[Items from a dataset]
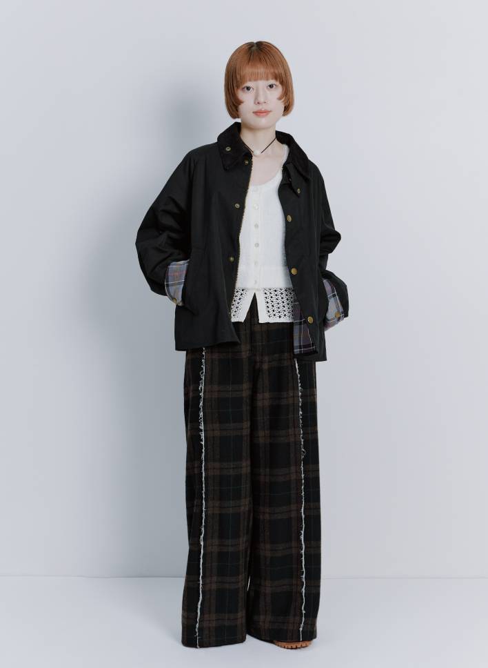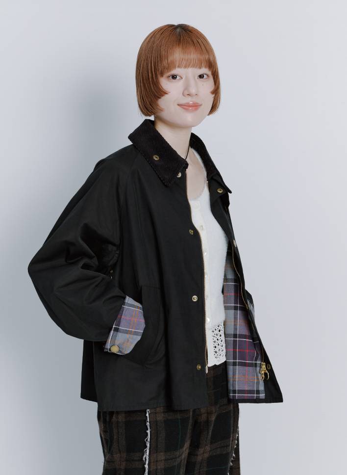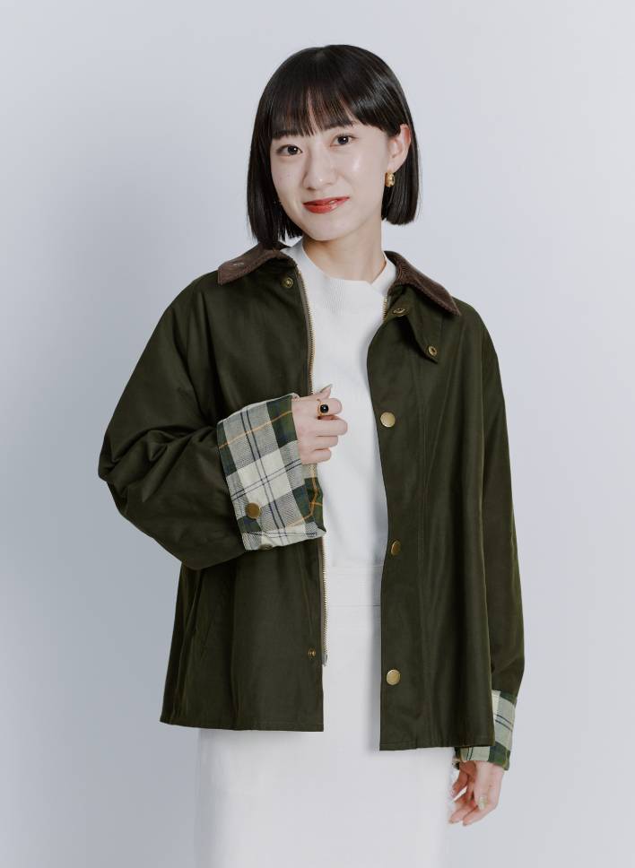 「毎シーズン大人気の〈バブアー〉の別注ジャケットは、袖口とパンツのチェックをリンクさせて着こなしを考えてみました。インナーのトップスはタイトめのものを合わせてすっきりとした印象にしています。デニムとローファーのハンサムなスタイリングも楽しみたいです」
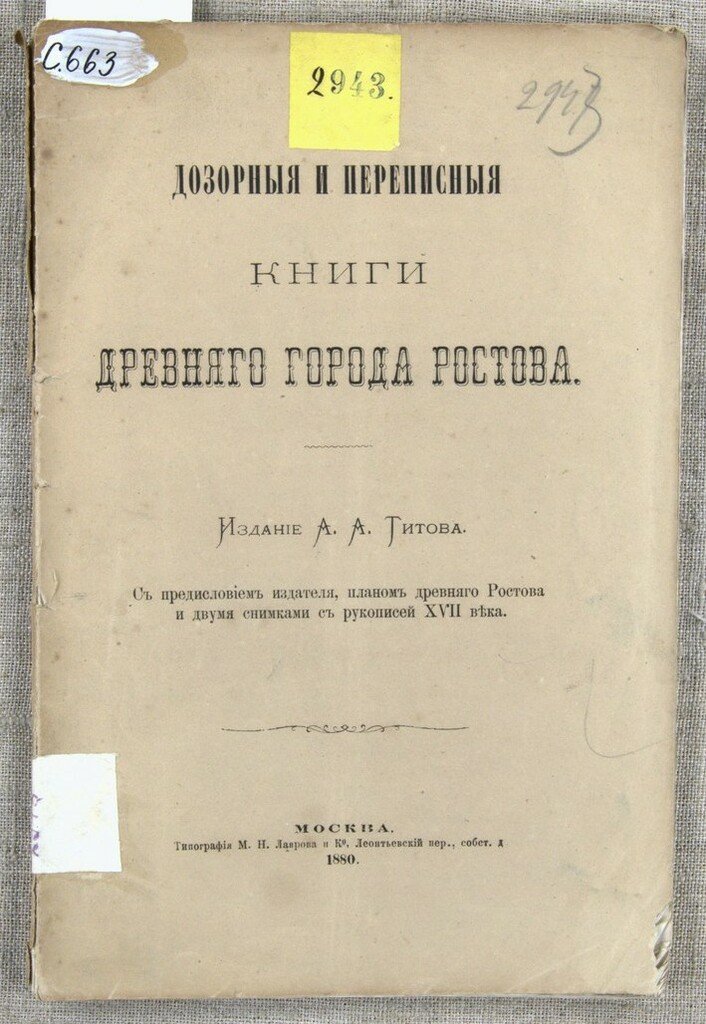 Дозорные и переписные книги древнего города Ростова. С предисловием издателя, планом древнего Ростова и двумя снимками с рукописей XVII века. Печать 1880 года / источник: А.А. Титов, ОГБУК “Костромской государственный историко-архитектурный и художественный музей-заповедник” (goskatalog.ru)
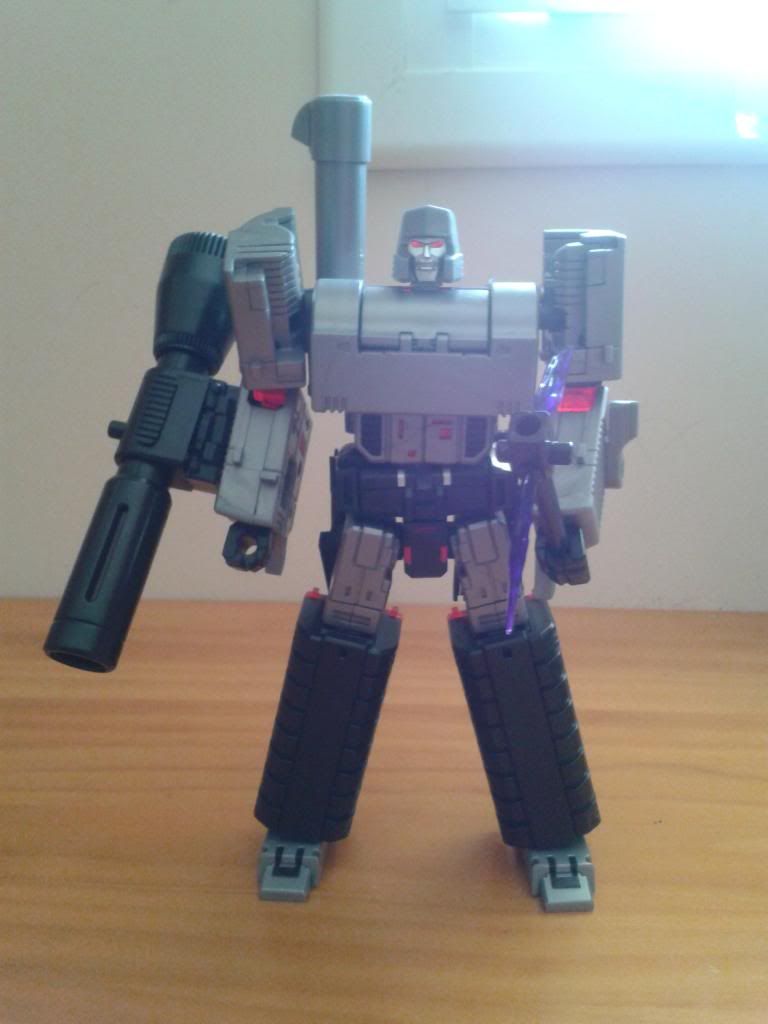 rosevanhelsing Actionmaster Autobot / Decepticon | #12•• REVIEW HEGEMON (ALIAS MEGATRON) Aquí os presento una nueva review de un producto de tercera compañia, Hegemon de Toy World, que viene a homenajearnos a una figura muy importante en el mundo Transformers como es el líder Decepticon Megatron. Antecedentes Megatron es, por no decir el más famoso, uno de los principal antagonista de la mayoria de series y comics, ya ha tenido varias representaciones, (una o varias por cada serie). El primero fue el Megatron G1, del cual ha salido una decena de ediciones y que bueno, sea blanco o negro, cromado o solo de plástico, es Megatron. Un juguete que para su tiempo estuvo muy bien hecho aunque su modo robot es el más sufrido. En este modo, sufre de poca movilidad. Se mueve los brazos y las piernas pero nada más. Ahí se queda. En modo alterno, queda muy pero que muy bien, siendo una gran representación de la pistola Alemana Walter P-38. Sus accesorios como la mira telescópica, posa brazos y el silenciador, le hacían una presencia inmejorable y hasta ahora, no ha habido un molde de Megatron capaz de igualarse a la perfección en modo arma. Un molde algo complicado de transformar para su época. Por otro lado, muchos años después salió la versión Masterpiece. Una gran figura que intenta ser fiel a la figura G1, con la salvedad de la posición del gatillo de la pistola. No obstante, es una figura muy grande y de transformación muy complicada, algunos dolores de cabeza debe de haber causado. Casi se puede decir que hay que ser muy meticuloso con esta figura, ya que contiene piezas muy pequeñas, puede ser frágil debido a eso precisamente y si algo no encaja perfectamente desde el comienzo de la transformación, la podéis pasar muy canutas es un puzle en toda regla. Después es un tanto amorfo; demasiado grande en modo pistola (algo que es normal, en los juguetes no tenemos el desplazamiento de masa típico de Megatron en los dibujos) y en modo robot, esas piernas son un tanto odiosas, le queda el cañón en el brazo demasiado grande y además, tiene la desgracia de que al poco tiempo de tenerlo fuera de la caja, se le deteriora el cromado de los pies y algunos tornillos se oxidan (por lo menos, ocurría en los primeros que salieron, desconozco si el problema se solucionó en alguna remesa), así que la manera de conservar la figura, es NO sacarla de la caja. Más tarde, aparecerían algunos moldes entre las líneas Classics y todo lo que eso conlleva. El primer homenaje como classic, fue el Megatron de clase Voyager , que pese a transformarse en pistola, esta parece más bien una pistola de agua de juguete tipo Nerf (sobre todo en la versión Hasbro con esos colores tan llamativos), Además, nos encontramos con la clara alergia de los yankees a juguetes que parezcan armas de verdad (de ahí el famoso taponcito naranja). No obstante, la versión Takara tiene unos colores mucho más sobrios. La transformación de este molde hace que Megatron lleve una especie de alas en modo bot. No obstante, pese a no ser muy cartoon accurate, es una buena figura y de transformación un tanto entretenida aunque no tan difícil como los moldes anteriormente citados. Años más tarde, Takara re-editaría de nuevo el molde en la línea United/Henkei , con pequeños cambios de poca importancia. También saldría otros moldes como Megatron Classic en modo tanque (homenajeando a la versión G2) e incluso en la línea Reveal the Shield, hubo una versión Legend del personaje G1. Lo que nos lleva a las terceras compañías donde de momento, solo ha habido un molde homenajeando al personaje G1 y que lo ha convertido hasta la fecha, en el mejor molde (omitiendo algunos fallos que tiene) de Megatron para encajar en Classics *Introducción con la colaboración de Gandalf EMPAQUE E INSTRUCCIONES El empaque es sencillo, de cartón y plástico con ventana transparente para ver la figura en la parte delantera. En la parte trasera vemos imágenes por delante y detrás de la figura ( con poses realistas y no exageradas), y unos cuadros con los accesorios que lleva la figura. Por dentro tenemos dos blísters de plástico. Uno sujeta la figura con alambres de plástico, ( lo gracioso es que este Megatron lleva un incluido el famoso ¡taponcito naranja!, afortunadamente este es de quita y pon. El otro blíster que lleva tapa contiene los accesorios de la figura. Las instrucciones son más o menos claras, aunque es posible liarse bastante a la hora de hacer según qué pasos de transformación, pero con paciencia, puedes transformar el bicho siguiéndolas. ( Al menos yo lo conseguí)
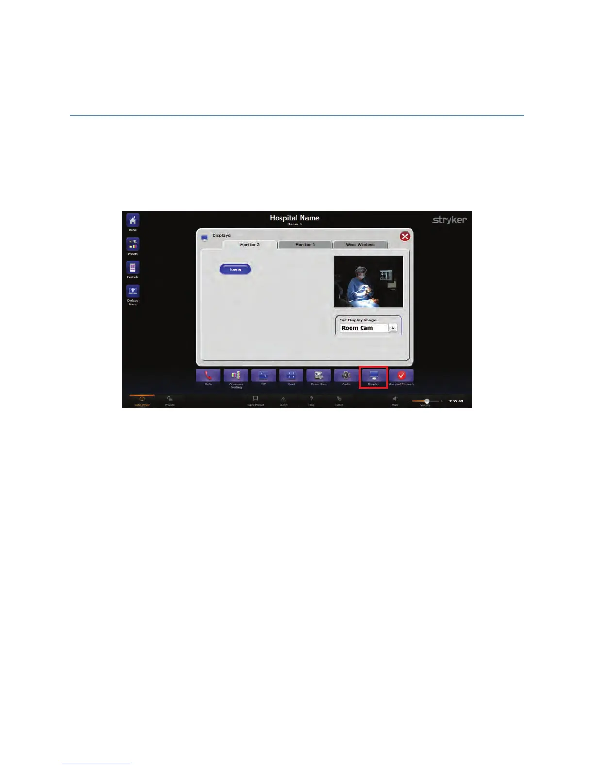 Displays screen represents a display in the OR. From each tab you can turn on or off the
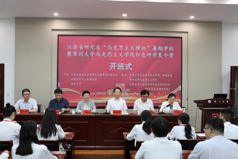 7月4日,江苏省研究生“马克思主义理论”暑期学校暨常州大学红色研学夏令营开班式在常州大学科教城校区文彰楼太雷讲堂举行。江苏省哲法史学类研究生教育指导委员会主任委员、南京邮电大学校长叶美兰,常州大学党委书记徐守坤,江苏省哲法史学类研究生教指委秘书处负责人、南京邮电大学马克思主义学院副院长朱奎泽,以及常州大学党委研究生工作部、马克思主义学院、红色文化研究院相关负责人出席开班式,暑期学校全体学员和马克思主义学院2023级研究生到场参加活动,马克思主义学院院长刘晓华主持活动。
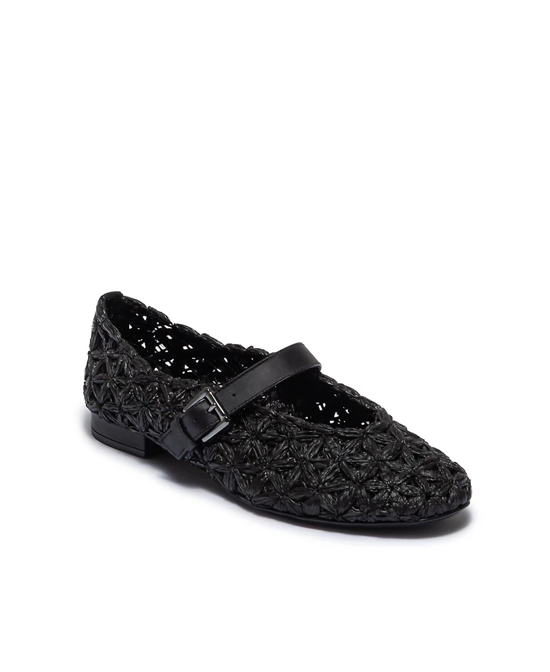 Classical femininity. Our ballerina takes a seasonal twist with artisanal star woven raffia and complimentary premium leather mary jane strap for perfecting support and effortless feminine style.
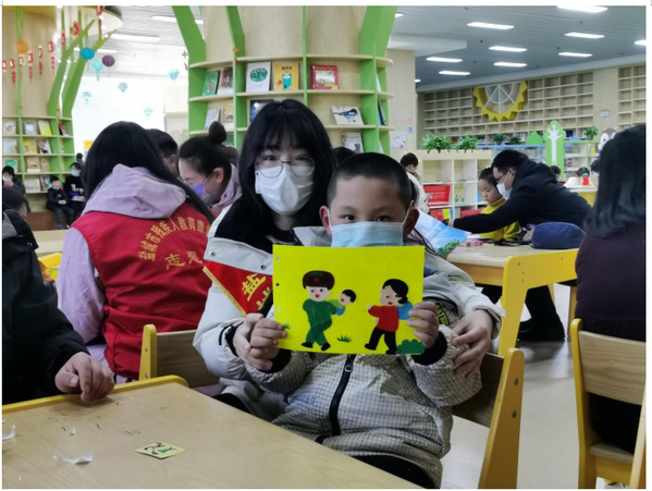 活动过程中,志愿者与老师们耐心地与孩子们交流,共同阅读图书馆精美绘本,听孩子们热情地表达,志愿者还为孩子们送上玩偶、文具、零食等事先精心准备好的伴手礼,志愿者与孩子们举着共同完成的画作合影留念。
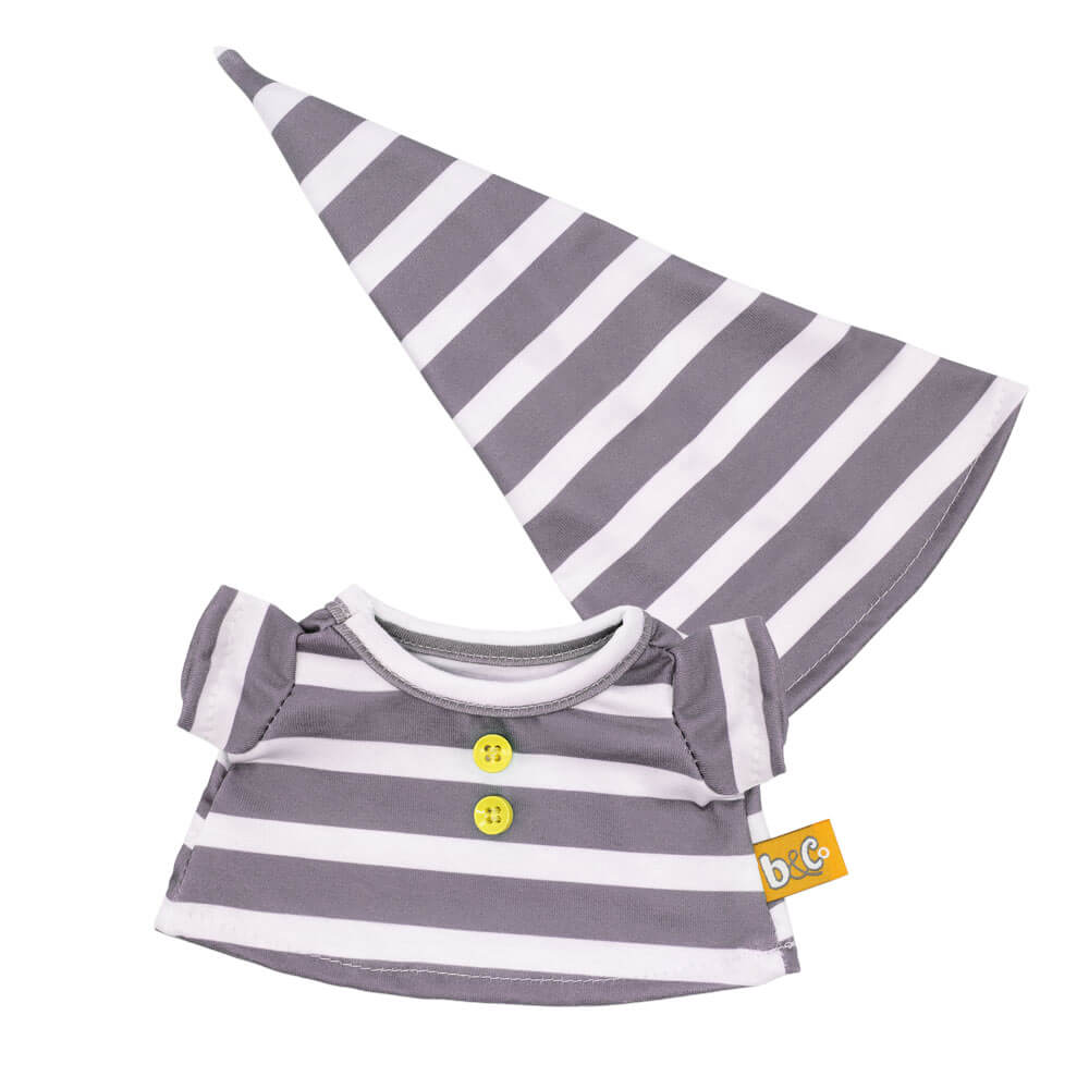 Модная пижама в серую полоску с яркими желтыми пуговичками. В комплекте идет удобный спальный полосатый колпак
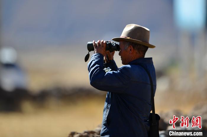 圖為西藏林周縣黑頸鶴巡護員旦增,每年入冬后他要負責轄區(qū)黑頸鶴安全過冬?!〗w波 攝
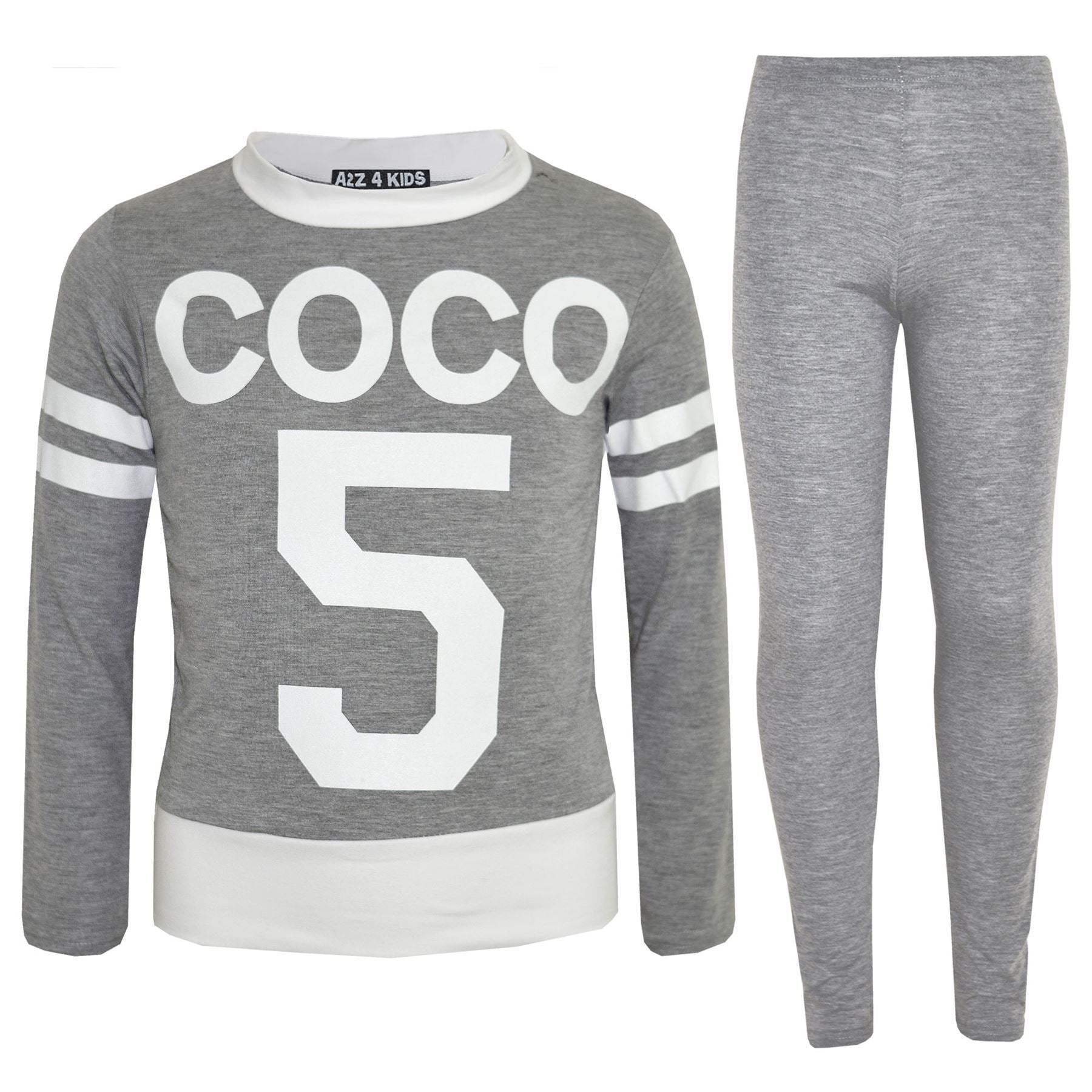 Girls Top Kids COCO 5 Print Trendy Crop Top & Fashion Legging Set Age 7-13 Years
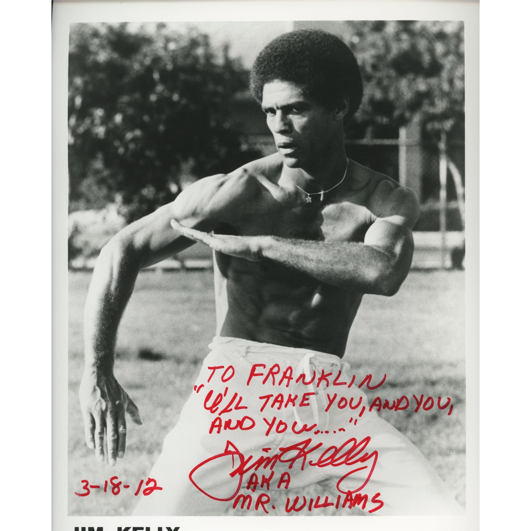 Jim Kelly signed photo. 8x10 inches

▸ **How to complete this task**
Write out the data word for word, with every picture dropped.

▸ **Reply**
 「毎シーズン大人気の〈バブアー〉の別注ジャケットは、袖口とパンツのチェックをリンクさせて着こなしを考えてみました。インナーのトップスはタイトめのものを合わせてすっきりとした印象にしています。デニムとローファーのハンサムなスタイリングも楽しみたいです」
 Дозорные и переписные книги древнего города Ростова. С предисловием издателя, планом древнего Ростова и двумя снимками с рукописей XVII века. Печать 1880 года / источник: А.А. Титов, ОГБУК “Костромской государственный историко-архитектурный и художественный музей-заповедник” (goskatalog.ru)
 rosevanhelsing Actionmaster Autobot / Decepticon | #12•• REVIEW HEGEMON (ALIAS MEGATRON) Aquí os presento una nueva review de un producto de tercera compañia, Hegemon de Toy World, que viene a homenajearnos a una figura muy importante en el mundo Transformers como es el líder Decepticon Megatron. Antecedentes Megatron es, por no decir el más famoso, uno de los principal antagonista de la mayoria de series y comics, ya ha tenido varias representaciones, (una o varias por cada serie). El primero fue el Megatron G1, del cual ha salido una decena de ediciones y que bueno, sea blanco o negro, cromado o solo de plástico, es Megatron. Un juguete que para su tiempo estuvo muy bien hecho aunque su modo robot es el más sufrido. En este modo, sufre de poca movilidad. Se mueve los brazos y las piernas pero nada más. Ahí se queda. En modo alterno, queda muy pero que muy bien, siendo una gran representación de la pistola Alemana Walter P-38. Sus accesorios como la mira telescópica, posa brazos y el silenciador, le hacían una presencia inmejorable y hasta ahora, no ha habido un molde de Megatron capaz de igualarse a la perfección en modo arma. Un molde algo complicado de transformar para su época. Por otro lado, muchos años después salió la versión Masterpiece. Una gran figura que intenta ser fiel a la figura G1, con la salvedad de la posición del gatillo de la pistola. No obstante, es una figura muy grande y de transformación muy complicada, algunos dolores de cabeza debe de haber causado. Casi se puede decir que hay que ser muy meticuloso con esta figura, ya que contiene piezas muy pequeñas, puede ser frágil debido a eso precisamente y si algo no encaja perfectamente desde el comienzo de la transformación, la podéis pasar muy canutas es un puzle en toda regla. Después es un tanto amorfo; demasiado grande en modo pistola (algo que es normal, en los juguetes no tenemos el desplazamiento de masa típico de Megatron en los dibujos) y en modo robot, esas piernas son un tanto odiosas, le queda el cañón en el brazo demasiado grande y además, tiene la desgracia de que al poco tiempo de tenerlo fuera de la caja, se le deteriora el cromado de los pies y algunos tornillos se oxidan (por lo menos, ocurría en los primeros que salieron, desconozco si el problema se solucionó en alguna remesa), así que la manera de conservar la figura, es NO sacarla de la caja. Más tarde, aparecerían algunos moldes entre las líneas Classics y todo lo que eso conlleva. El primer homenaje como classic, fue el Megatron de clase Voyager , que pese a transformarse en pistola, esta parece más bien una pistola de agua de juguete tipo Nerf (sobre todo en la versión Hasbro con esos colores tan llamativos), Además, nos encontramos con la clara alergia de los yankees a juguetes que parezcan armas de verdad (de ahí el famoso taponcito naranja). No obstante, la versión Takara tiene unos colores mucho más sobrios. La transformación de este molde hace que Megatron lleve una especie de alas en modo bot. No obstante, pese a no ser muy cartoon accurate, es una buena figura y de transformación un tanto entretenida aunque no tan difícil como los moldes anteriormente citados. Años más tarde, Takara re-editaría de nuevo el molde en la línea United/Henkei , con pequeños cambios de poca importancia. También saldría otros moldes como Megatron Classic en modo tanque (homenajeando a la versión G2) e incluso en la línea Reveal the Shield, hubo una versión Legend del personaje G1. Lo que nos lleva a las terceras compañías donde de momento, solo ha habido un molde homenajeando al personaje G1 y que lo ha convertido hasta la fecha, en el mejor molde (omitiendo algunos fallos que tiene) de Megatron para encajar en Classics *Introducción con la colaboración de Gandalf EMPAQUE E INSTRUCCIONES El empaque es sencillo, de cartón y plástico con ventana transparente para ver la figura en la parte delantera. En la parte trasera vemos imágenes por delante y detrás de la figura ( con poses realistas y no exageradas), y unos cuadros con los accesorios que lleva la figura. Por dentro tenemos dos blísters de plástico. Uno sujeta la figura con alambres de plástico, ( lo gracioso es que este Megatron lleva un incluido el famoso ¡taponcito naranja!, afortunadamente este es de quita y pon. El otro blíster que lleva tapa contiene los accesorios de la figura. Las instrucciones son más o menos claras, aunque es posible liarse bastante a la hora de hacer según qué pasos de transformación, pero con paciencia, puedes transformar el bicho siguiéndolas. ( Al menos yo lo conseguí)
 Displays screen represents a display in the OR. From each tab you can turn on or off the
 7月4日,江苏省研究生“马克思主义理论”暑期学校暨常州大学红色研学夏令营开班式在常州大学科教城校区文彰楼太雷讲堂举行。江苏省哲法史学类研究生教育指导委员会主任委员、南京邮电大学校长叶美兰,常州大学党委书记徐守坤,江苏省哲法史学类研究生教指委秘书处负责人、南京邮电大学马克思主义学院副院长朱奎泽,以及常州大学党委研究生工作部、马克思主义学院、红色文化研究院相关负责人出席开班式,暑期学校全体学员和马克思主义学院2023级研究生到场参加活动,马克思主义学院院长刘晓华主持活动。
 Classical femininity. Our ballerina takes a seasonal twist with artisanal star woven raffia and complimentary premium leather mary jane strap for perfecting support and effortless feminine style.
 活动过程中,志愿者与老师们耐心地与孩子们交流,共同阅读图书馆精美绘本,听孩子们热情地表达,志愿者还为孩子们送上玩偶、文具、零食等事先精心准备好的伴手礼,志愿者与孩子们举着共同完成的画作合影留念。
 Модная пижама в серую полоску с яркими желтыми пуговичками. В комплекте идет удобный спальный полосатый колпак
 圖為西藏林周縣黑頸鶴巡護員旦增,每年入冬后他要負責轄區(qū)黑頸鶴安全過冬?!〗w波 攝
 Girls Top Kids COCO 5 Print Trendy Crop Top & Fashion Legging Set Age 7-13 Years
 Jim Kelly signed photo. 8x10 inches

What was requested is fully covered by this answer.